Article 16 of Regulation (EU) 2016/679 of the European Parliament and of the Council of 27 April 2016 on the protection of natural persons with regard to the processing of personal data and on the free movement of such data, and repealing Directive 95/46/EC (General Data Protection Regulation) must be interpreted as requiring a national authority responsible for keeping a public register to rectify the personal data relating to the gender identity of a natural person where those data are inaccurate, within the meaning of Article 5(1)(d) of that regulation.
Article 16 of Regulation 2016/679 must be interpreted as meaning that, for the purposes of exercising the right to rectification of the personal data relating to the gender identity of a natural person that are contained in a public register, that person may be required to provide relevant and sufficient evidence that may reasonably be required of that person in order to establish that those data are inaccurate. However, a Member State may not, under any circumstances, by way of an administrative practice, make the exercise of that right conditional upon the production of evidence of gender reassignment surgery.
Article 2(a) of Directive 95/46/EC of the European Parliament and of the Council of 24 October 1995 on the protection of individuals with regard to the processing of personal data and on the free movement of such data must be interpreted as meaning that, in circumstances such as those of the main proceedings, the written answers submitted by a candidate at a professional examination and any comments made by an examiner with respect to those answers constitute personal data, within the meaning of that provision.
Article 12(a) of Directive 95/46/EC of the European Parliament and of the Council of 24 October 1995 on the protection of individuals with regard to the processing of personal data and on the free movement of such data requires Member States to ensure a right of access to information on the recipients or categories of recipient of personal data and on the content of the data disclosed not only in respect of the present but also in respect of the past.
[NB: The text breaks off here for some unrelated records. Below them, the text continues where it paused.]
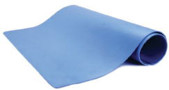
Mat Roll TM24600L3BL
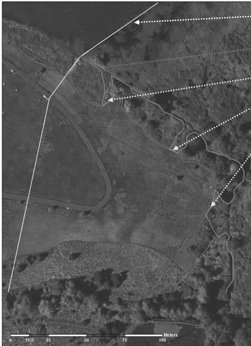
Figure 3. Example where Metric 1 is less than 100%, showing three areas where the non-ecologically significant buffer (mowed area) comes right to the edge of the wetland. This example was calculated using a map wheel. (Property is different from that shown in Figures 1 and 2.)

White parcel line obtained from county assessor web page
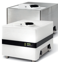
NIRMaster™ IP54 / Pro IP65 FT-NIR spectroscopy
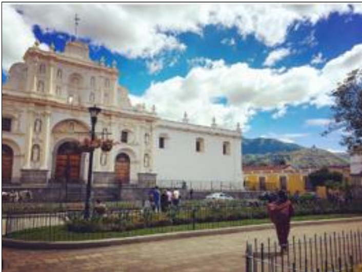
The old architecture of the main central square in Antigua

I spent the week of Christmas 2016 in the Central American country of Guatemala. I'm half Guatemalan even though most people think I'm joking when I say that due to people's biases on what a Latina should "look like" (I'm light skinned with blue eyes). Since childhood, I've either lived there for a few months or visited once or twice a year (during my school years in the states). But, since having my own child, I've only be able to visit my family there when kid and husband schedules allow for it. While I have always had an interest in birds, my passion for care and conservation (particularly for migratory/cavity nesting species) only developed in the past 4 years. I didn't realize how much I was missing out by not going on birding adventures until this most recent trip. And BOY was I missing out! It almost makes me mad that I didn't become an ornithologist after my experience in the mountains of Guatemala, but at least I had one of my most memorable moments there yet.
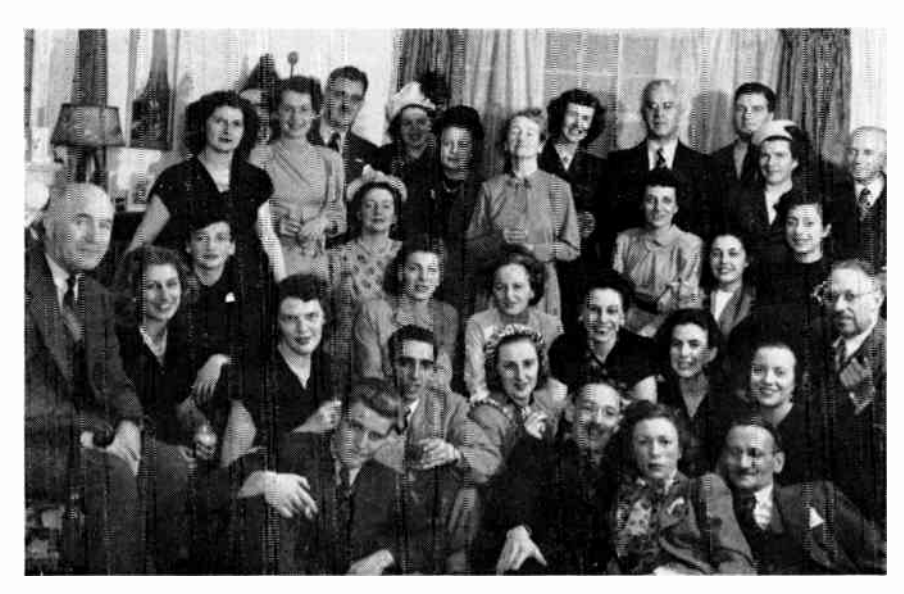
Ottawa guests at the Hutton's Moose-Milk party
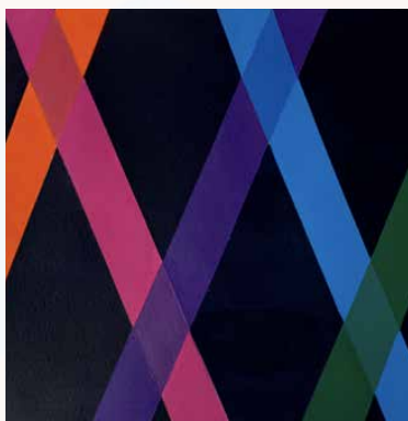
Student work by Amelia, V
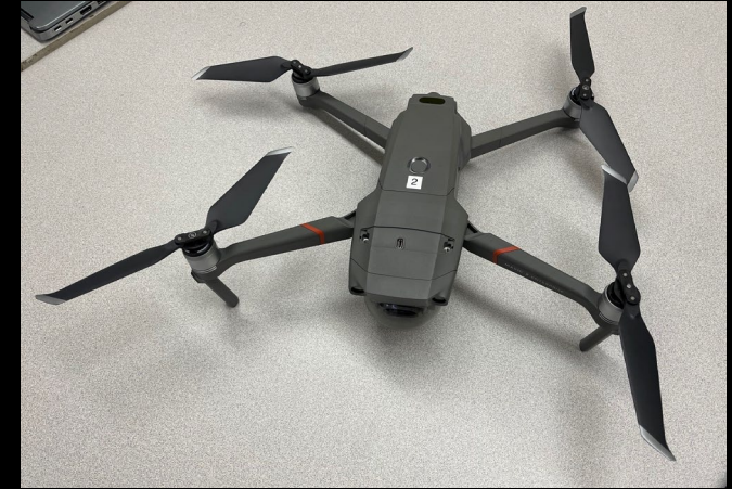
DJI ENTERPRISE/ ADVANCED
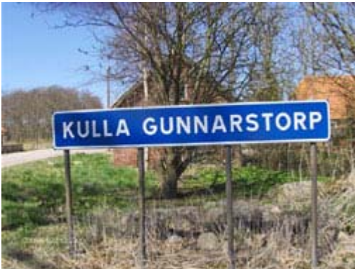
Sign at Kulla Gunnarstorp, Sweden
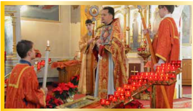
EDWARDSVILLE • St. John the Baptist Orthodox Church welcomed parishioners, guests and visitors to Divine Liturgy on December 25, 2014. Those gathered were treated to Nativity selections during dismissal.
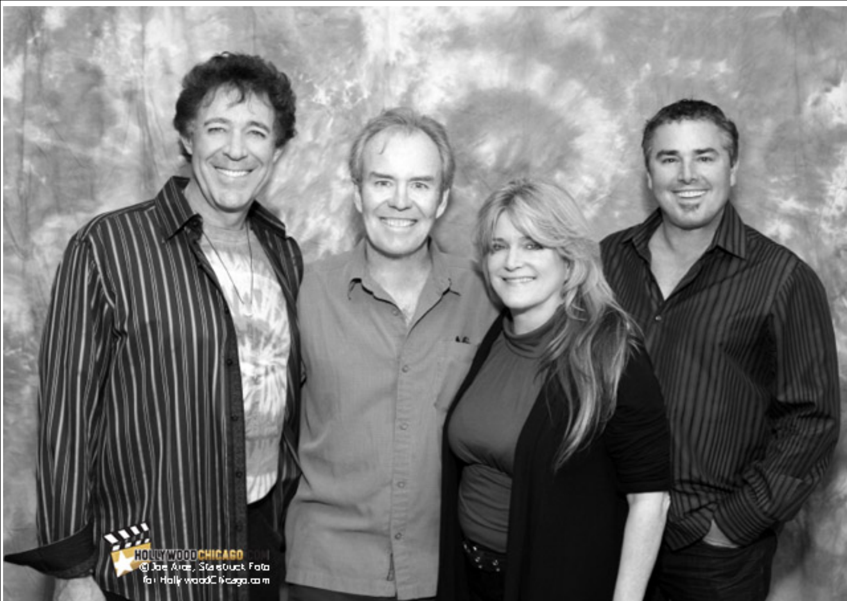
Barry Williams, Mike Lookinland, Susan Olsen and Christopher Knight at ‘The Hollywood Show,’ March of 2012
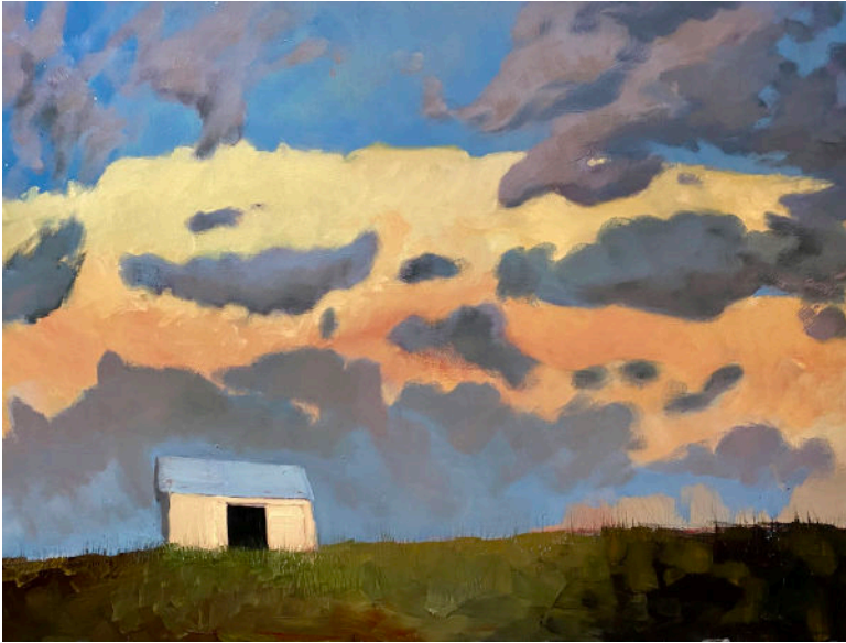
Landscape with Barn, Evening

Leslie Banta | 2023 | oil on canvas | 36" x 48"
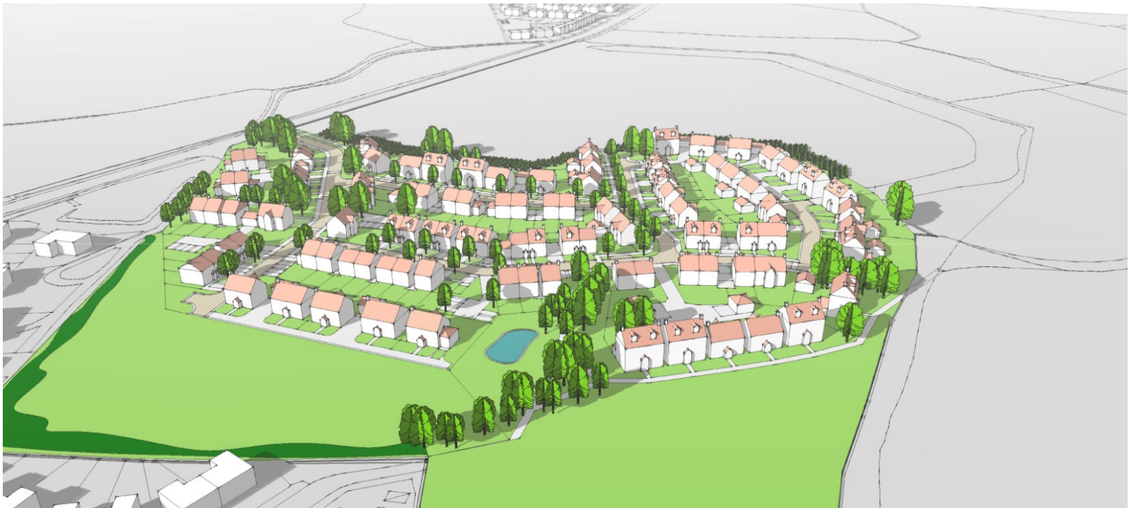
View from the south showing the proposed green link to Grimethorpe across the site to the open land to the north
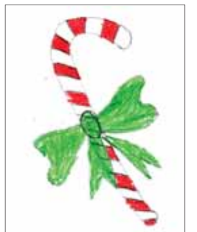
Brady Trout, Homedale Elementary
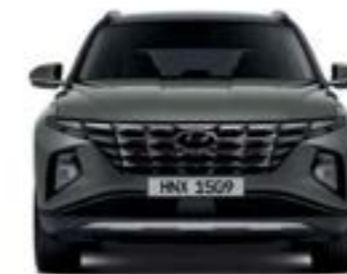
Overall Width 1,865 Wheel Tread* 1,615
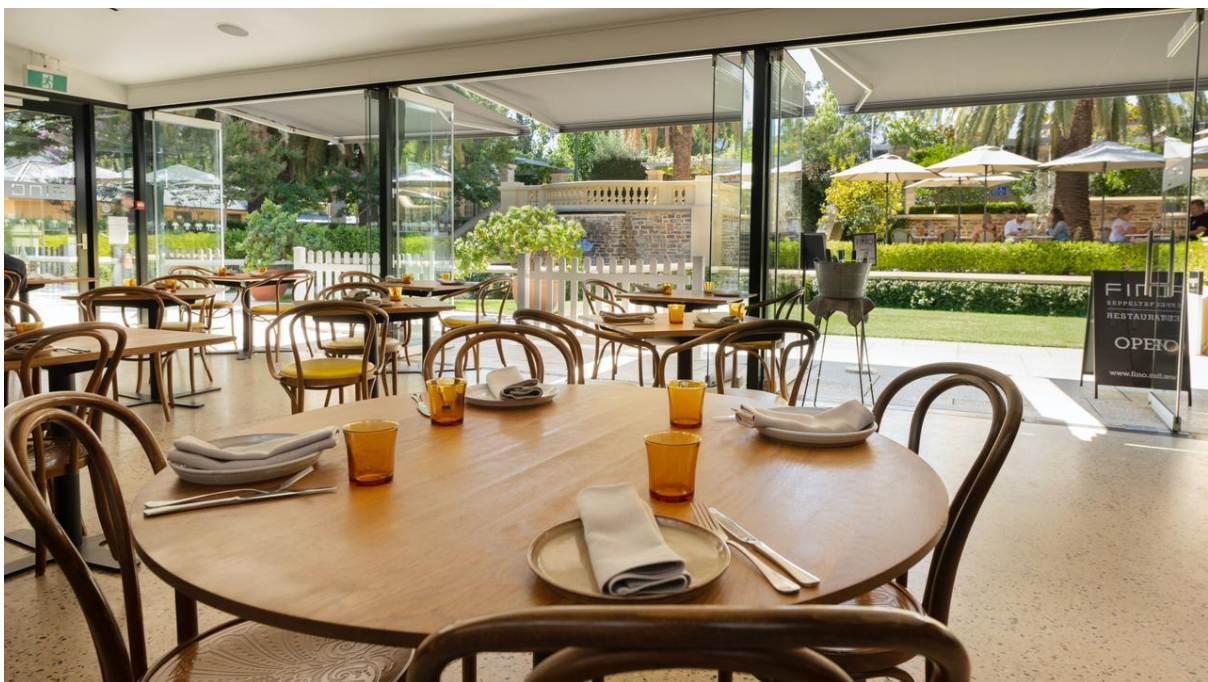
Fino restaurant at Seppeltsfield.
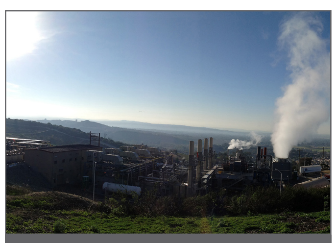
With a production capacity of 37.5 megawatts, the Brea Power II plant is the second largest landfill gas energy project in the United States, and the largest facility of its type in California.

OC Waste & Recycling is the proud recipient of the United States Environmental Protection Agency's Landfill Methane Outreach Project of the Year award. The 2012 award was given to the partners that collaborated on the new landfill gas energy plant at the Olinda Alpha Landfill located in Brea.
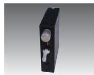
SPS-SLSI Power Supply for LED Spot Illumination
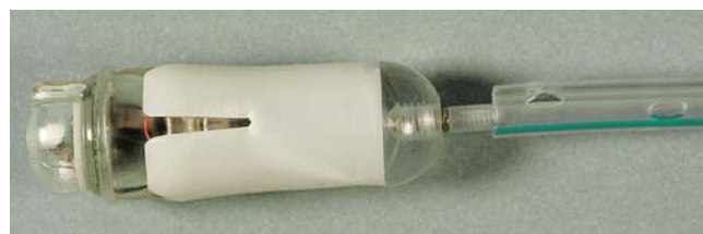
Fig. 3 SmartPill inserted into the cup holder.
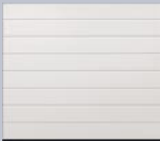
ETE 40, EPU 40, M-ribbed single or double-skinned

Your decision to buy a Hörmann sectional door is the right one
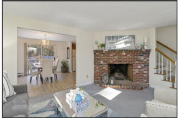
Cozy Days By The Fireplace
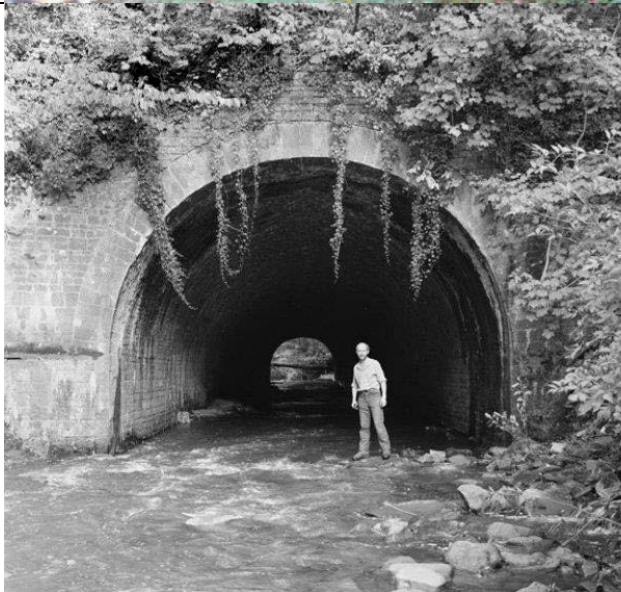
Clydach side.

Generally sound but a detailed survey should be carried out at regular intervals – say five years or after exceptional flows.
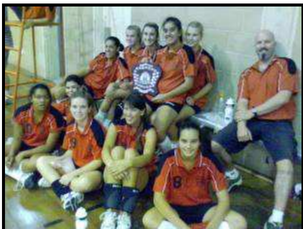
The winning team at the girls tournament – Sydney North

The first round of GPS Volleyball kicks off this weekend with High playing Scots at Scots.
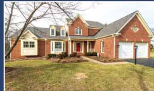
Great Falls $1,299,000
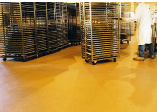
Food & Beverage Industry
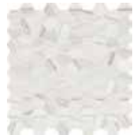
1.25x1.25 MAYFAIR ZEBRINO HEXAGON MOSAIC HD PORCELAIN TILE 323-69-964(P)
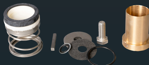
End Suction Repair Kit
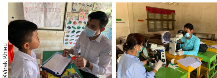
Soil-transmitted helminth prevalence survey among school-aged children, Kampong Speu province, Cambodia, August-September 2020

Together with local health authorities (provincial, district and commune) and school teachers, the National Helminth Control Programme assessed the prevalence and intensity of soil-transmitted helminthiasis among school-aged children to monitor the impacts of semi-annual school deworming. The assessment was carried out in 12 primary schools of Siem Reap, Koh Kong, Kampong Speu, Prey Veng, Battambang and Kampong Thom provinces from August to September 2020.
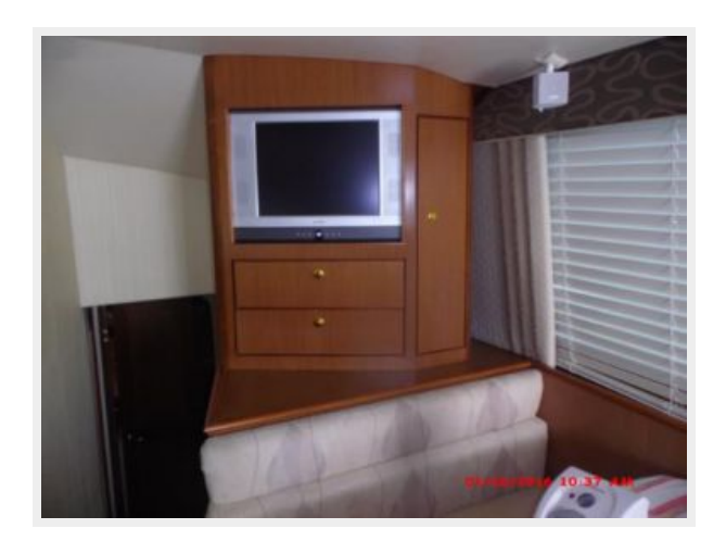
Salon 3 - TV
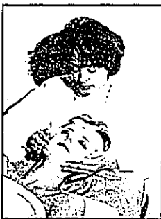
An expert gives the customer a relaxing and soothing facial at Tamara.

Think about your activities from January to October. Throw in the months of November and December when your normal daily routines are multiplied by the demands of the holidays: shopping, gift-wrapping, food-preparing, house-decorating and party-giving or going. It's a recipe for stress and few people this time of year make it through the season without some frazzled feelings.

It is for Member States to fix a time-limit for storage of that information and to provide for access to that information which constitutes a fair balance between, on the one hand, the interest of the data subject in protecting his privacy, in particular by way of his rights to object and to bring legal proceedings and, on the other, the burden which the obligation to store that information represents for the controller.Rules limiting the storage of information on the recipients or categories of recipient of personal data and on the content of the data disclosed to a period of one year and correspondingly limiting access to that information, while basic data is stored for a much longer period, do not constitute a fair balance of the interest and obligation at issue, unless it can be shown that longer storage of that information would constitute an excessive burden on the controller. It is, however, for national courts to make the determinations necessary.